• _ASSIGNMENT_
Go through the listing below and write out exactly the lines from the one that mentions "水平線をイメージしたゴールド" through the one that mentions "كما نشرت صورة", minus the pictures.

- Opening Delimiter -

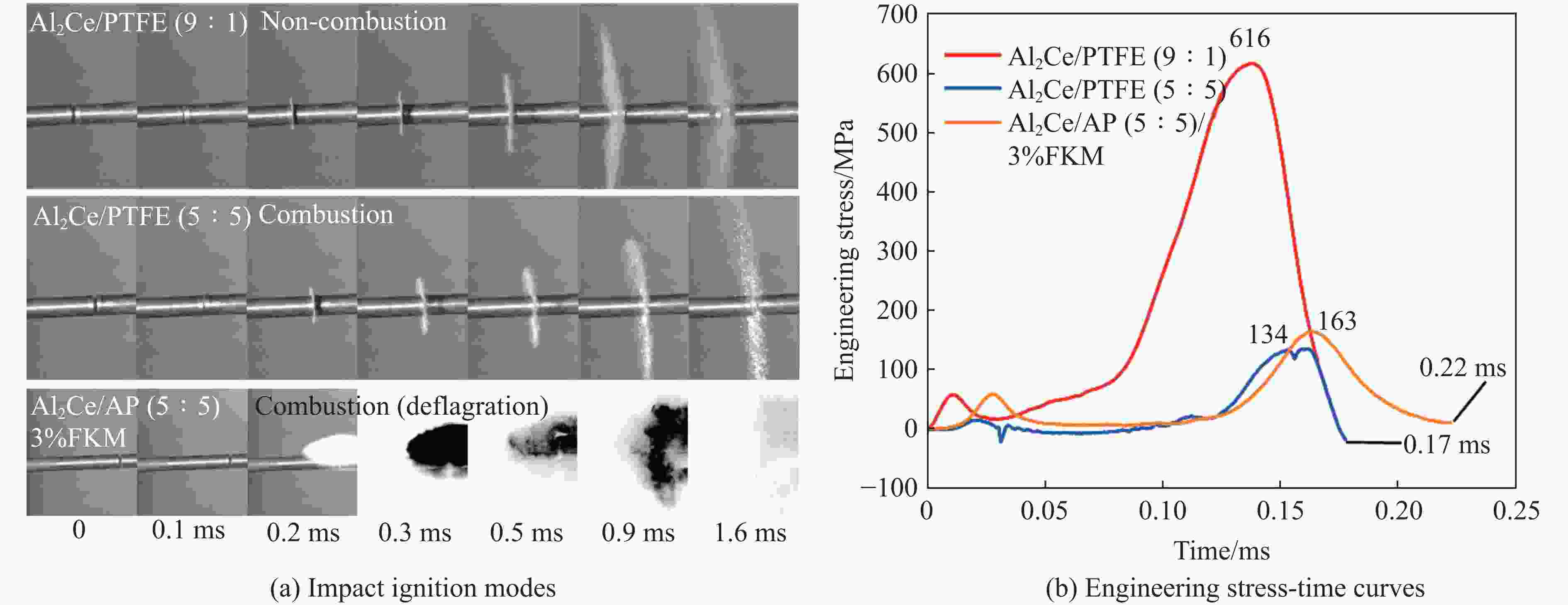 摘要: 金属铝(Al)作为常用的活性金属之一被广泛应用于活性材料体系中,但Al存在反应活性偏低制约体系能量释放的问题。为此,将铝铈合金引入反应体系中,利用稀土铈的高反应活性的特性强化铝的反应活性。为研究稀土基活性材料在冲击过载下的力学特性和点火性能,开展了Al2Ce/PTFE、Al/PTFE、Al2Ce/高氧酸铵(AP)、Al/AP 4种活性材料体系的制备和表征,通过分离式霍普金森压杆实验系统动态加载,测量了4种活性材料体系的动态应力-应变曲线、点火延迟、燃烧持续时间等性能;通过热分析测试,分析了不同含量活性金属对AP的热分解性能的影响。结果表明:4种活性材料存在未燃烧、燃烧和爆燃3种冲击点火形态;Al2Ce/PTFE和Al/PTFE材料的点火性能较差;Al2Ce/AP体系的极限强度和临界失效应变较高,且冲击点火形态为爆燃,点火延迟和持续燃烧时间均低于Al/AP体系;Ce元素的引入加速了AP的分解,并使Al2Ce/AP体系的焓值大幅提高,能量释放更集中。Ce元素可以有效地提高金属铝的反应活性,其高反应活性的特性使活性体系材料的反应进程加速,并显著强化活性材料体系在冲击作用下的能量释放。综上所述,稀土铝合金材料因具有高反应活性优势,对于研制铝基冲击反应材料具有重要意义。Abstract: Aluminum (Al), a commonly used reactive metals, is widely applied in reactive material systems. However, its relatively low reactivity restricts the energy release of systems. To improve the reactivity of aluminum, we introduced aluminum-cerium Al-Ce alloy containing the highly reactive rare earth element cerium into the system. The present study investigated the mechanical properties and ignition performance of four reactive material systems involving Al2Ce/PTFE, Al/PTFE, Al2Ce/ammonium perchlorate (AP), and Al/AP were investigated under shock overload. A split Hopkinson pressure bar (SHPB) system was used to reveal the dynamic stress-strain behavior, ignition delay, and combustion duration of the prepared samples. Thermal analysis was conducted to assess the influence of the reactive metal content on the thermal decomposition of AP. The results showed there are three distinct shock-induced ignition modes: non-ignition, combustion, and combustion (deflagration). Both Al2Ce/PTFE and Al/PTFE exhibited substandard ignition performance. The Al2Ce/AP system demonstrates higher ultimate strength and critical failure strain, achieving deflagration upon impact with significantly shorter ignition delay and combustion duration compared to Al/AP. The incorporation of the cerium accelerates AP decomposition and substantially increased the enthalpy of the Al2Ce/AP system, resulting in more concentrated energy release. Ce effectively enhances the reactivity of aluminum, and its high reactivity accelerates the reaction kinetics of the reactive system. Furthermore, it significantly intensifies energy release under impact loading. In conclusion, the rare earth aluminum alloy materials exhibit a high reactivity, which demonstrates significant potential for the development of aluminum-based impact reaction materials.
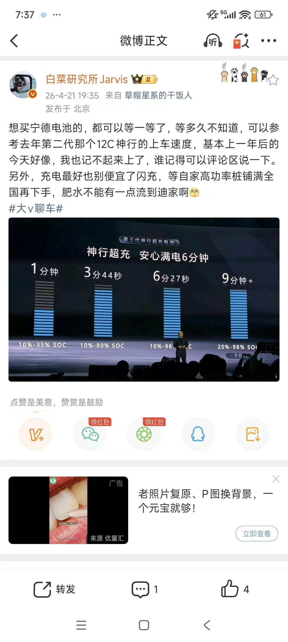 不愧是宁王,3月底,高管还在强调不可为超快充牺牲电池可靠性,转眼间,在今晚就发布了世界上最牛X的闪充技术,10%到98%仅仅需要6分27秒!一下子把迪子的九分钟彻底比下去了,迪王也只能甘拜下风了。这才过了不到一个月,显然,这中间宁王一定取得了前所未有的技术突破,犹如一个修武之人,一夜之间打通任督二脉,神功大成!唯一有点遗憾的就是,没有看到实车跟实桩,对比吉利的神盾闪充,人家起码还有对标车型领克10。
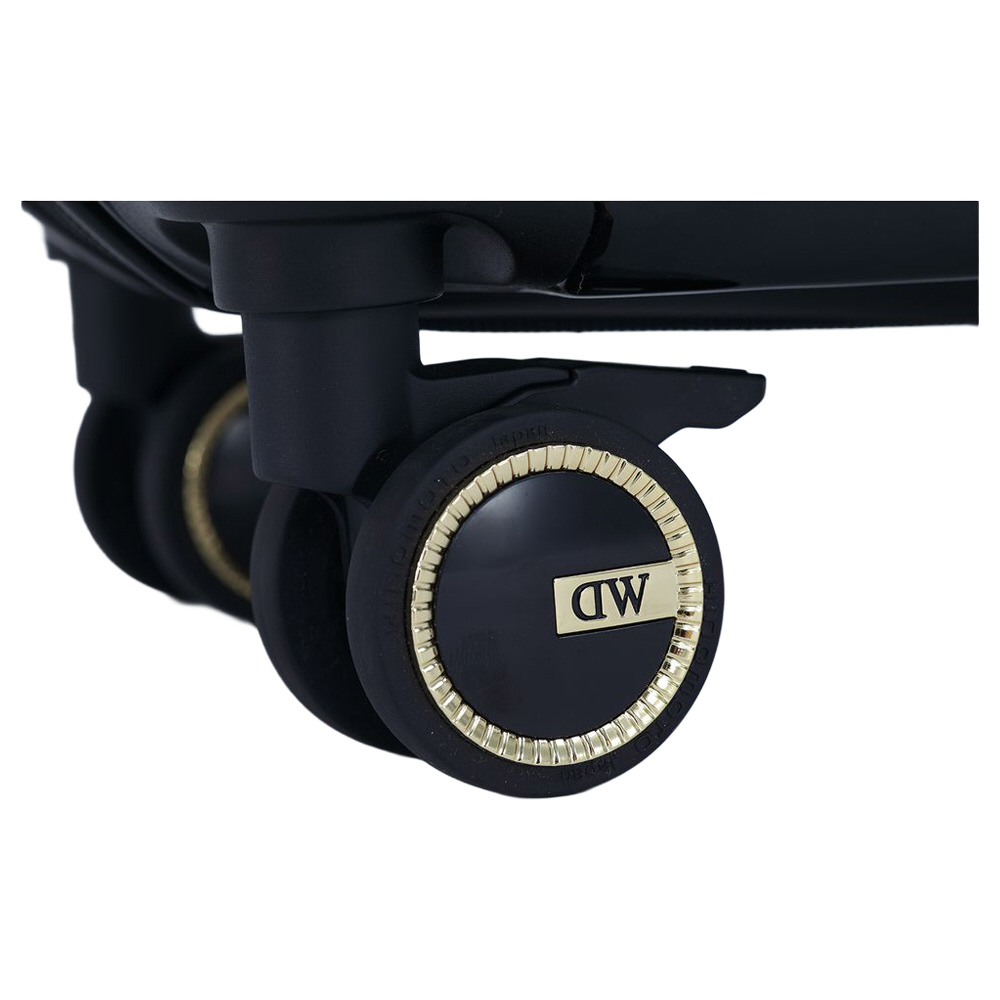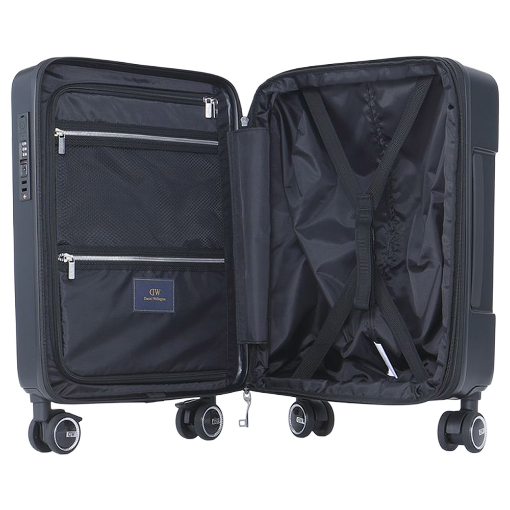 水平線をイメージしたゴールドのラインがポイントのキャリーケース。メタルロゴプレートとすっきりとしたシルエットが高級感を演出します。シンプルなデザインとベーシックなカラーリングで、ビジネスでもプライベートでもご使用いただけます。
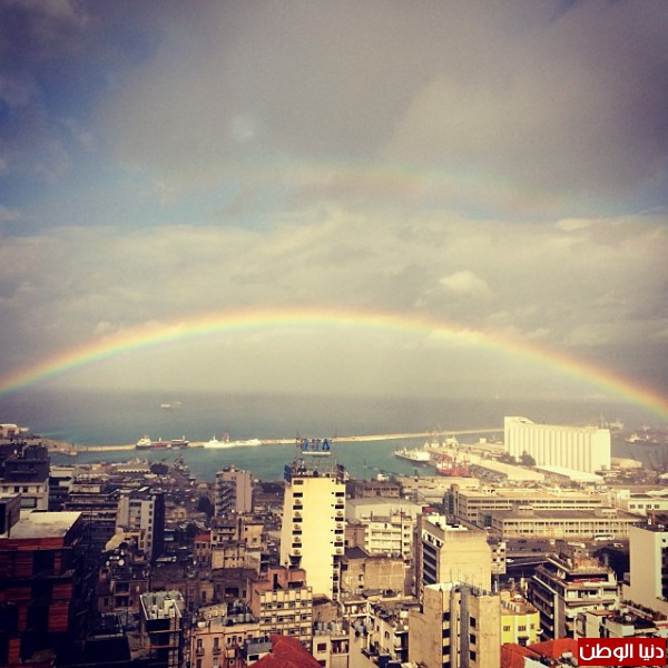 كما نشرت صورة مُذهلة لقوس القزح وكتبت : " قوس قزح من منزلي " , وبعد قليل من نشر الصورة غردت حزينة : "بليز مطر كمان " .
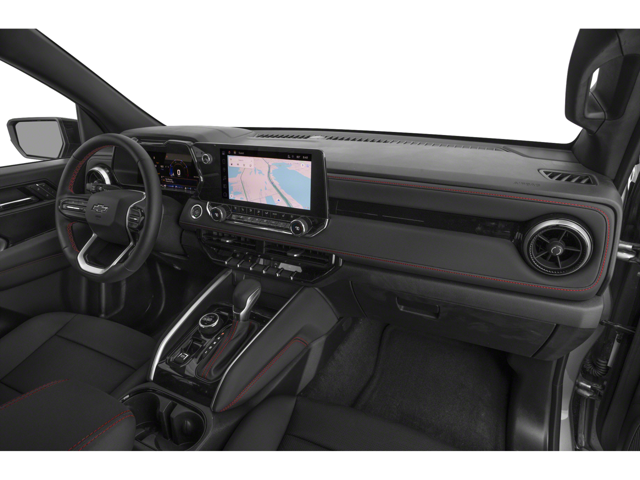 This 2024 Chevrolet Colorado is equipped with Advanced Trailering Package (Trailering App), Heavy-Duty Trailering Package (Integrated Trailer Brake Controller), Preferred Equipment Group 4Z7 (Automatic Emergency Braking, Chevy Safety Assist, Electronic Automatic Cruise Control, Following Distance Indicator, Forward Collision Alert, Front Pedestrian & Bicyclist Braking, IntelliBeam Automatic High Beam On/Off, Lane Keep Assist w/Lane Departure Warning, and Rear-Window Electric Defogger), Safety Package (Rear Cross Traffic Braking and Rear Park Assist), 4WD, 220 Amp Generator, 3.42 Rear Axle Ratio, 4-Way Manual Passenger Seat Adjuster, 4-Wheel Disc Brakes, 6 Speakers, 6-Speaker Audio System Feature, 6-Way Manual Driver Seat Adjuster, ABS brakes, Air Conditioning, Alloy wheels, AM/FM radio: SiriusXM, Apple CarPlay/Android Auto, Auto High-beam Headlights, Black Spray-On Bedliner w/Chevrolet Logo, Blind Zone Steering Assist w/Trailering, Brake assist, Bumpers: body-color, Cloth/Evotex Seat Trim, Compass, Delay-off headlights, Driver door bin, Driver vanity mirror, Dual front impact airbags, Dual front side impact airbags, Electronic Stability Control, Front anti-roll bar, Front Bucket Seats, Front Center Armrest, Front fog lights, Front Passenger Seatback Map Pocket, Front reading lights, Front wheel independent suspension, Heated door mirrors, Illuminated entry, Low tire pressure warning, Navigation System, Occupant sensing airbag, Outside temperature display, Overhead airbag, Overhead console, Panic alarm, Passenger door bin, Passenger vanity mirror, Power door mirrors, Power steering, Power windows, Radio data system, Radio: 11.3 Diagonal Advanced Color LCD Display, Rear reading lights, Rear step bumper, Rear window defroster, Remote keyless entry, Security system, SiriusXM Radio, Speed control, Speed-sensing steering, Split folding rear seat, Steering Wheel Mounted Audio Controls, Steering wheel mounted audio controls, Tachometer, Tilt steering wheel, Traction control, Trip computer, Variably intermittent wipers, Wheels: 18 x 8.5 Android Dark Full Gloss Aluminum, and Wireless Phone Projection.

- Closing Delimiter -

• _FINAL ANSWER_
 水平線をイメージしたゴールドのラインがポイントのキャリーケース。メタルロゴプレートとすっきりとしたシルエットが高級感を演出します。シンプルなデザインとベーシックなカラーリングで、ビジネスでもプライベートでもご使用いただけます。
 كما نشرت صورة مُذهلة لقوس القزح وكتبت : " قوس قزح من منزلي " , وبعد قليل من نشر الصورة غردت حزينة : "بليز مطر كمان " .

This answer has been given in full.